Begin at the line containing "A group of people" in the records below, end at the line containing "Barche con faro", and retype each line in that span exactly. No other line and no image should appear.

### EXCERPTED DATA

* * * * * * * * *

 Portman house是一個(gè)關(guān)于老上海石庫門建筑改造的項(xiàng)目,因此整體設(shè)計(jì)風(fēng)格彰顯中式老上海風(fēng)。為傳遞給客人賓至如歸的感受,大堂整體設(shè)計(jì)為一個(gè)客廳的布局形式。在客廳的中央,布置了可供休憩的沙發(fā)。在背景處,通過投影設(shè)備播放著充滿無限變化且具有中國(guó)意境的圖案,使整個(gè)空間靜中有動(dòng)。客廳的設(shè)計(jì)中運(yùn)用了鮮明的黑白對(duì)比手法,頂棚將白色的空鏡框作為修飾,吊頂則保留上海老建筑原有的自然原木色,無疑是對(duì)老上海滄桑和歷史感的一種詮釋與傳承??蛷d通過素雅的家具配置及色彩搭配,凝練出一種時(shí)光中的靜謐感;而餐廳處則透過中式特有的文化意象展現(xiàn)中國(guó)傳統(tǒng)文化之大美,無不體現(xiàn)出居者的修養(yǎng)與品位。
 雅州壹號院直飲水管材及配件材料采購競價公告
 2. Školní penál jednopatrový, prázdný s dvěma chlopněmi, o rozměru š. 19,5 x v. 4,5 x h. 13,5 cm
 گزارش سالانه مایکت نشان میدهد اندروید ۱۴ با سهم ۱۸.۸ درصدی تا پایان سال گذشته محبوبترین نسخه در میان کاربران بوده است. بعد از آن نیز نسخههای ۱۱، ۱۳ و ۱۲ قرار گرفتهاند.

* * * * * * * * *

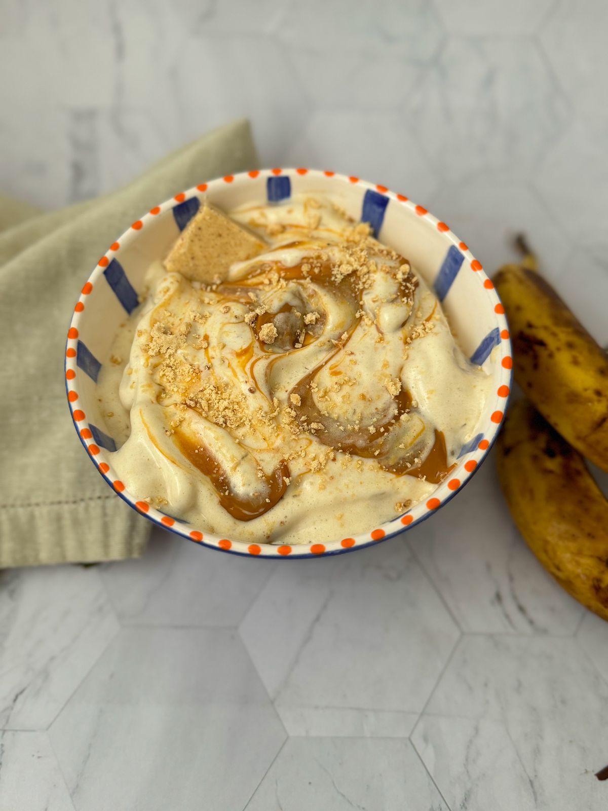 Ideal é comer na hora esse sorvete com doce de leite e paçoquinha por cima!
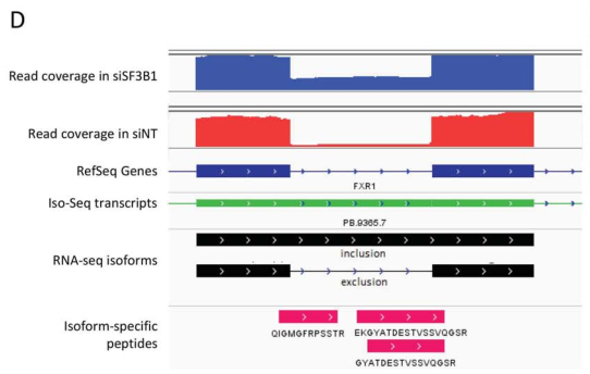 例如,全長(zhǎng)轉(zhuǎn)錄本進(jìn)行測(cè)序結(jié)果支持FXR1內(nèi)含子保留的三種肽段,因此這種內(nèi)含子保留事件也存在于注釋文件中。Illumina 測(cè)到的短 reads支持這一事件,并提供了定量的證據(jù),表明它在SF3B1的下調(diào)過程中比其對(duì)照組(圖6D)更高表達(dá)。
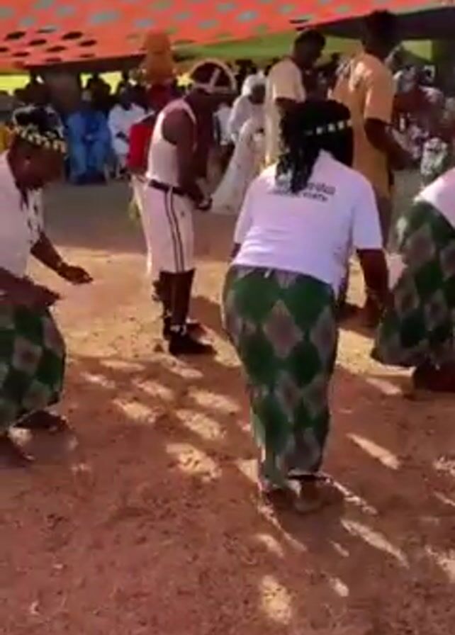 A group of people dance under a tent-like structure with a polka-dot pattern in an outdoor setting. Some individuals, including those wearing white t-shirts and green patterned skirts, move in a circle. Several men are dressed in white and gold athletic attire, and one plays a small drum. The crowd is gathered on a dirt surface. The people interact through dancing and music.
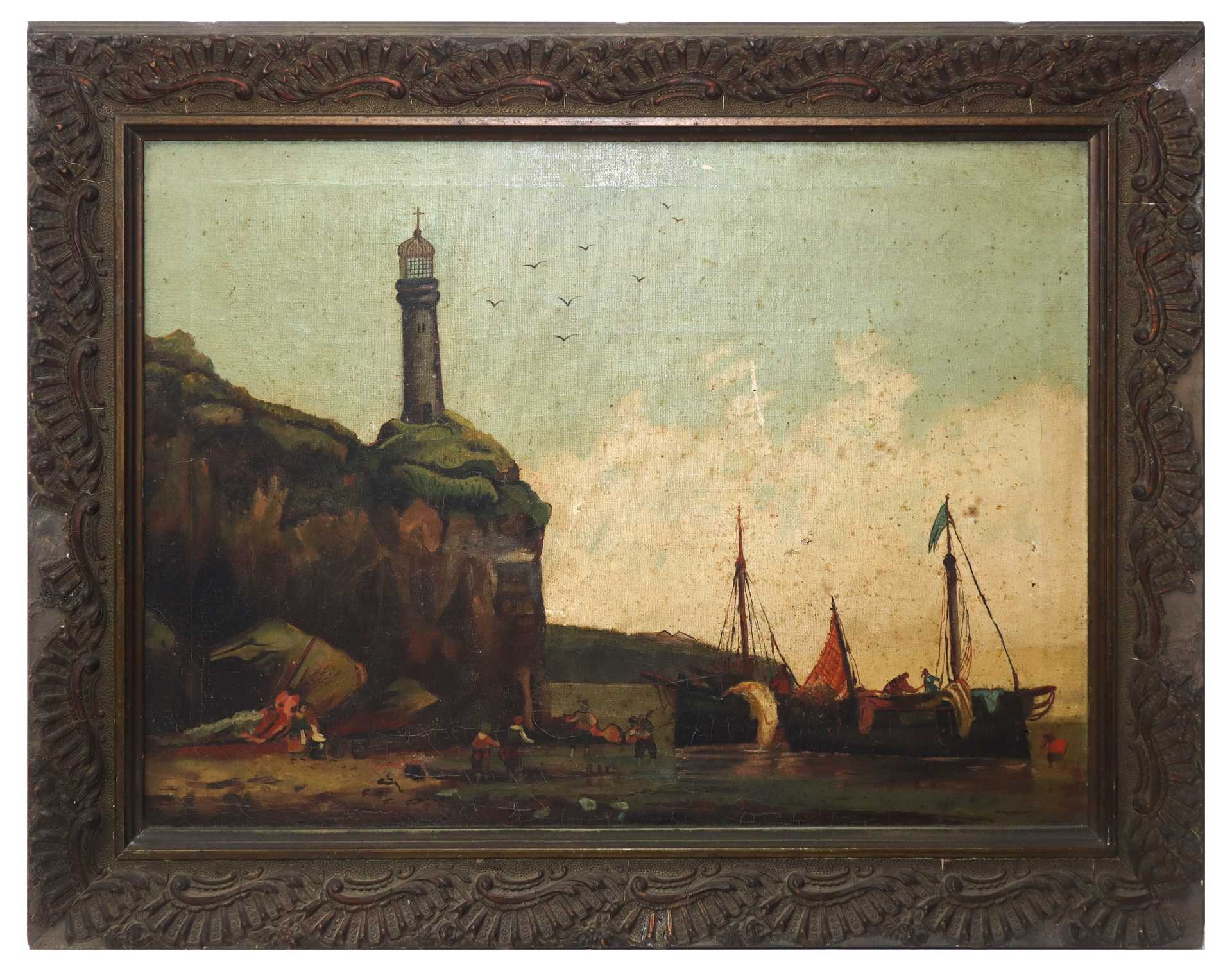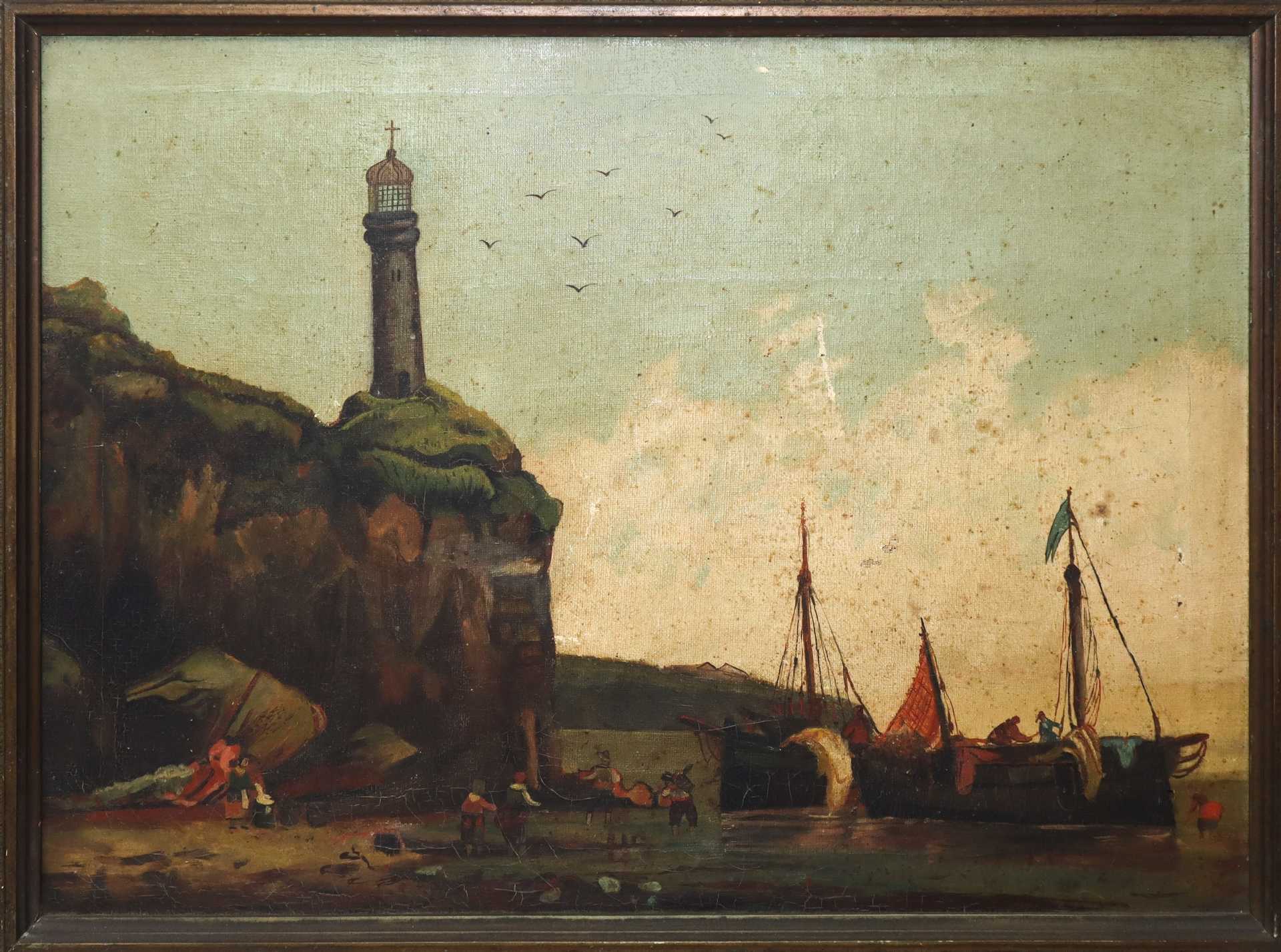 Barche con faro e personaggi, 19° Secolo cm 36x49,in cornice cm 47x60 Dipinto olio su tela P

* * * * * * * * *

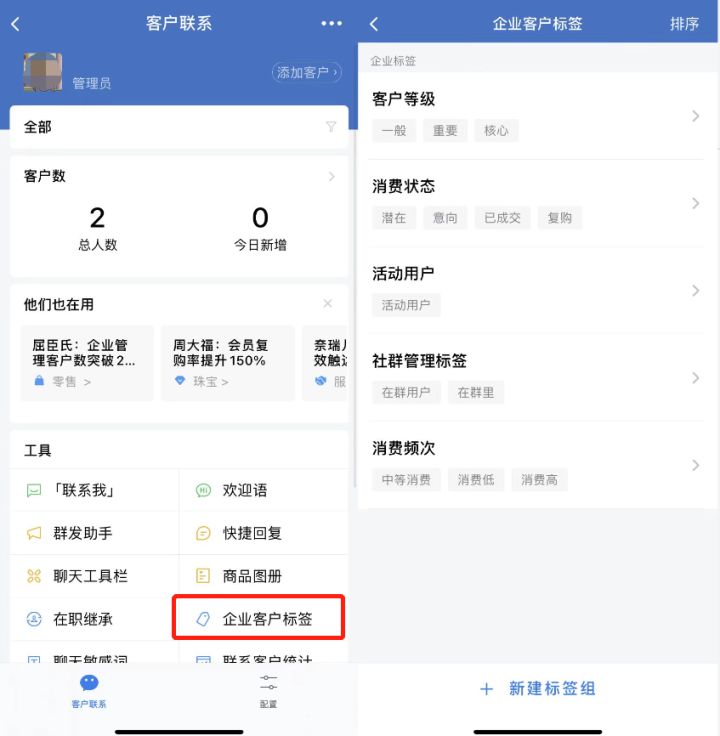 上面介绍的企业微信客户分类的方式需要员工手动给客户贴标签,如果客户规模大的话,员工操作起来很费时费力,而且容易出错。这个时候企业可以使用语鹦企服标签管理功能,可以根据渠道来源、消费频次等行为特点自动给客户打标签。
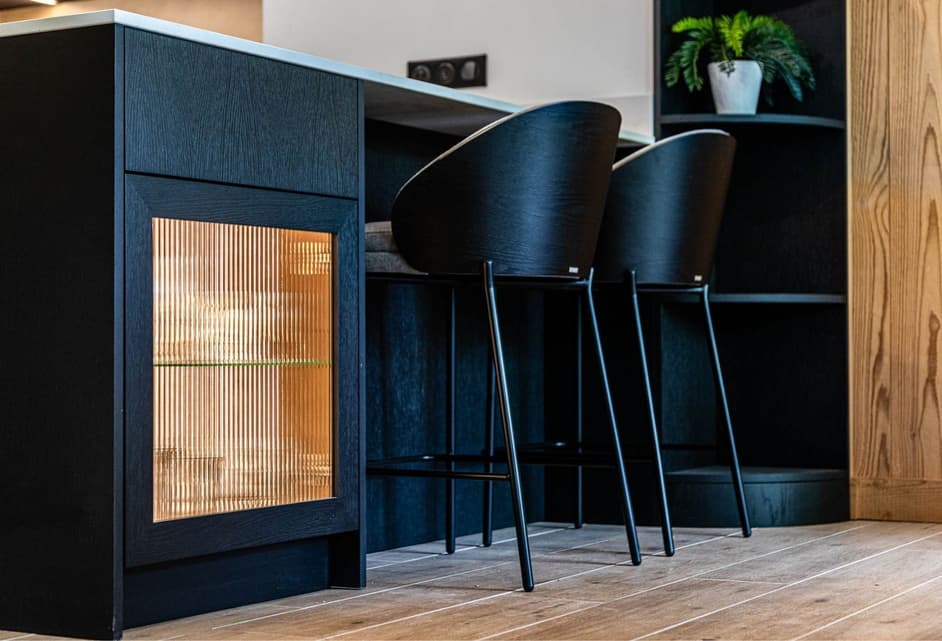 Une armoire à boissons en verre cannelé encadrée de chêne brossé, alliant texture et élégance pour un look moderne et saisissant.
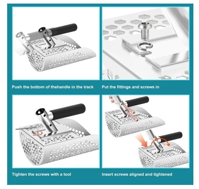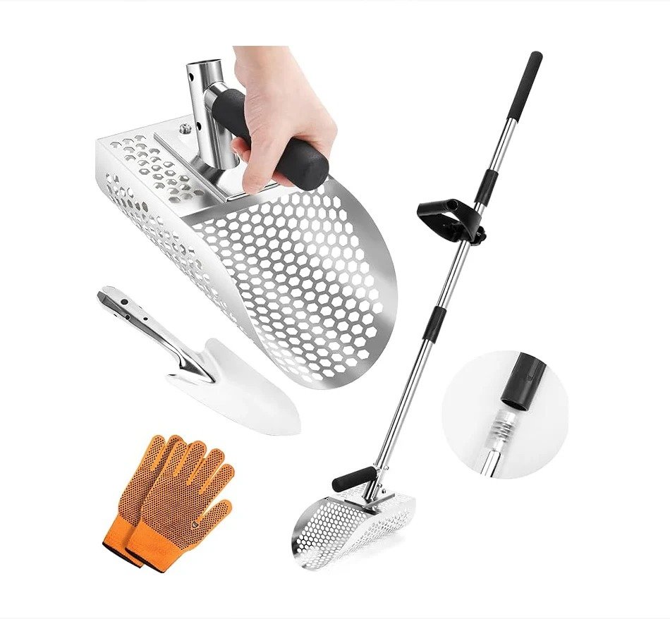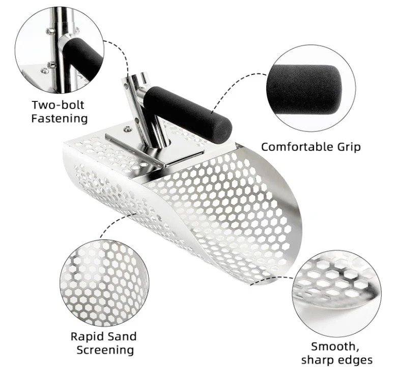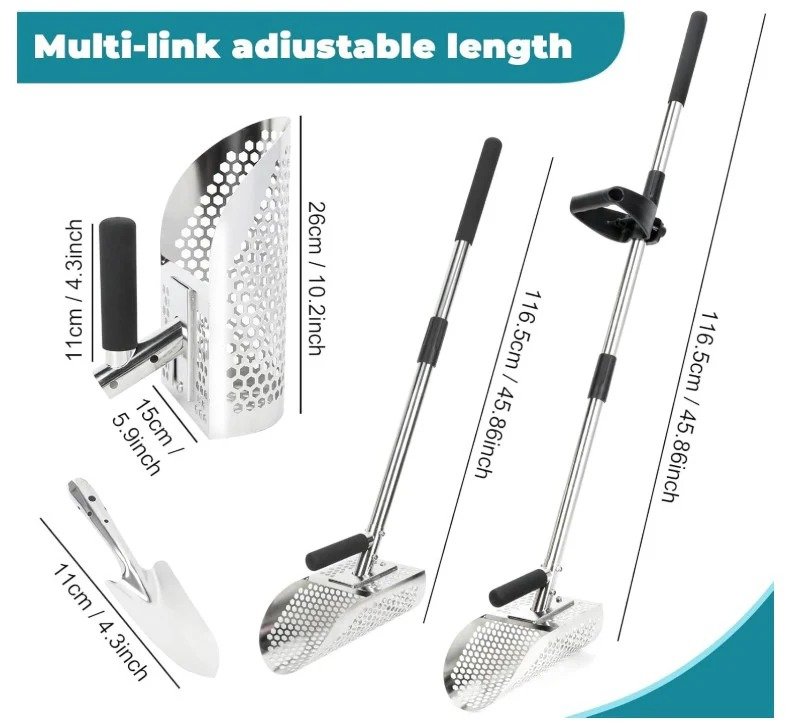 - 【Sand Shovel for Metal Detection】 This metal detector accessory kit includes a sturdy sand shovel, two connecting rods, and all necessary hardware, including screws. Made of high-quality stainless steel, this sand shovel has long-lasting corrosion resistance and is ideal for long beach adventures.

* * * * * * * * *

### ANSWER SECTION
 A group of people dance under a tent-like structure with a polka-dot pattern in an outdoor setting. Some individuals, including those wearing white t-shirts and green patterned skirts, move in a circle. Several men are dressed in white and gold athletic attire, and one plays a small drum. The crowd is gathered on a dirt surface. The people interact through dancing and music.
 Barche con faro e personaggi, 19° Secolo cm 36x49,in cornice cm 47x60 Dipinto olio su tela P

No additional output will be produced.